ECOG= Eastern Cooperative Oncology Group; PSA= prostate specific antigen

Two patterns of AA response were observed as per our prior experience: primary resistance, i.e. progression within 4 months of drug initiation versus benefit [13]. Forty four patients (26%) exhibited primary resistance. Median time to AA discontinuation was 373 days (95%CI: 338 – 419) (Figure 2a), while for patients with primary resistance 105 days (95%CI: 85–127) and for the remainder 472 days (95%CI: 414 – 584) (Figure 2b).

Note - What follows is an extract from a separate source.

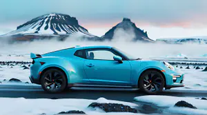 Afbeeldingen - https://afbeeldingen.net/ai/turquoise-sportwagen-op-ijslandse-winter-a74ec3e

Figure 2: Time to discontinuation of abiraterone acetate.

Figure 2:

A: Time to discontinuation of abiraterone acetate (n=170)

B: Time to discontinuation of abiraterone acetate in patients with primary resistance (n=44) versus no resistance (n=126)

Therapy was well tolerated with most adverse events categorized as grade 1/2 (NCI Common Terminology Criteria for Adverse Events), consistent with reported AA safety. Most patients (123/160, 77%), experienced a maximal PSA decline ≥30%, 66% of the patients ≥50%, and 33% of the patients ≥ 90% (Supplementary Figure S1).

3.2. Biomarker expression and associations with response to AA

Biomarker expression was evaluable in 46 of 48 pretreatment BMB specimens. 21 of those specimens (46%) were obtained from patients with primary resistance to AA.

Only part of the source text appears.